La primera vez que nos encontramos por casualidad con los vecinos, me chocó darme cuenta de que había inventado otra imagen de ella. Enseguida me confundió el contraste entre la apatía de la vecina real y la frescura que desprendía adentro mío la que yo me había inventado. No solo no se parecía en lo físico sino que tampoco sonrió, ni siquiera me miró, pronunció un hola inaudible forzada por los codazos del padre y siguió caminando enredada a su brazo. Toda una decepción.

Roté hacia la madre que bajaba del ascensor un poco más atrás; podía por fin ponerle una cara y un cuerpo a esa voz de espantapájaros, a ese aleteo de halcón, al quejido de murciélago. Esperaba encontrarme con una especie de luchadora de sumo, una hembra totémica, violenta y descomunal, con respiración de toro (tampoco tanto, aunque una fisicoculturista nerviosa por los calores de la menopausia, seguro). Es posible que sin querer hasta le hubiera adjudicado la figura de Tronchatoro, la bizarra directora del colegio de Matilda. Pero no, no. Gloria Vilendi demostró no ser un fauno, se materializó ahí mismo como una señora común y corriente. Alta, robusta, en absoluto gorda, con el físico grueso de alguien que se ejercita regularmente; sobre todo esa impresión daba cuando llevaba calzas de lycra con cierres por todos lados y una musculosa ajustada de colores fuertes, como ese día; más adelante supimos que de chica jugaba al hockey y de grande se había entusiasmado con el running y el tenis. Lo contrastante en ella —me llevó tiempo identificar la incoherencia— era que, sobre sus equipos deportivos, usara un exceso de bijouterie, algo incompatible con la intención de ser ágil y estar cómodo al entrenar. Llamaban la atención los muchos cierres de las prendas como también la hilera de pulseras, la superposición de anillos o los aros acampanados. Hoy entiendo que ese contraste define la esencia de una personalidad.

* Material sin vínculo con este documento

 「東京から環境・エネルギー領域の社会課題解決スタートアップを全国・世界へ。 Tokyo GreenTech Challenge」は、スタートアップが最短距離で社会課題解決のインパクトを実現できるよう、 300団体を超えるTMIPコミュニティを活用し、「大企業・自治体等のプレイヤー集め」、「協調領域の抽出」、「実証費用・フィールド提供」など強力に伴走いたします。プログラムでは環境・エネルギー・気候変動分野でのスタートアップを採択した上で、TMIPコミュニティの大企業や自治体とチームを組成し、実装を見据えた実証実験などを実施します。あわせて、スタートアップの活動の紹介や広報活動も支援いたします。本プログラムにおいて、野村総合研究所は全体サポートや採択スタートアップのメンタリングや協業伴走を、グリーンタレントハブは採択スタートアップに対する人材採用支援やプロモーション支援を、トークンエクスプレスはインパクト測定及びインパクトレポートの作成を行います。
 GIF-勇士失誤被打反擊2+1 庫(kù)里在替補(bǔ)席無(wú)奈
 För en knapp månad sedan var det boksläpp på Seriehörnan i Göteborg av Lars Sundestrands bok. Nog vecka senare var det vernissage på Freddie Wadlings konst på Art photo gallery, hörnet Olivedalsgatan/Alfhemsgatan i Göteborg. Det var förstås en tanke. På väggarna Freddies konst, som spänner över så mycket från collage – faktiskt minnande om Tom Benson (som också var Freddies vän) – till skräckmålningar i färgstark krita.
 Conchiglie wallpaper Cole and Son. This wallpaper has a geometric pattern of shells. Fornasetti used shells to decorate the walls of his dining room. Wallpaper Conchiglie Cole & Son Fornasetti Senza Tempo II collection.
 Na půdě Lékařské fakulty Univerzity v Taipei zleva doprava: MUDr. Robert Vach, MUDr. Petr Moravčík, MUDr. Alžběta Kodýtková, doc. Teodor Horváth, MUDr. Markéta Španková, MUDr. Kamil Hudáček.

Su despliegue de energía hizo que me quedara mirándola absorta mientras ella y Vicky subían al auto, luego de haber saludado así nomás, como si fuera habitual que nos cruzáramos. El pelo denso y crespo de Gloria formaba una melena ondulada casi negra que sacudía con aires de vedette. No podía decirse que fuera linda ni fina, como en cambio impresionaba mamá, un ser delicado en todos los aspectos: larga, lacia, sutil, ligera como una mariposa, con tendencia a cerrar las alas, a encorvarse en momentos de timidez. Esta otra mujer estaba dotada de algo felino, muy apegado a la tierra y, ante mi percepción infantil, de algo que asustaba y atraía a la vez. Debía ser bastante mayor que Leila, calculé, si bien más adelante descubrimos que, al contrario, era dos años menor. Me quedé tildada, los ojos fofos de hipnotismo en ella, sin darme cuenta de que mamá se había puesto a conversar con el padre de la chica. Igual que su mujer, Martín Vilendi daba el tipo de alguien muy pendiente de su apariencia: bronceado, lampiño, con el pelo bien corto, también oscuro moteado de canas en los costados, rasgos marcialmente definidos y unos ojos azules narcotizantes. Para que se vea más nítido, definámoslo como de la especie Pierce Brosnan o similar. Tal vez, lo mismo que en ella, los atuendos Nike, muy piel de ballena y fosforescencias, le proyectaban aquel aire maratónico e importado. Por más que no los olieras, con solo verlos pensabas en los perfumes del free-shop.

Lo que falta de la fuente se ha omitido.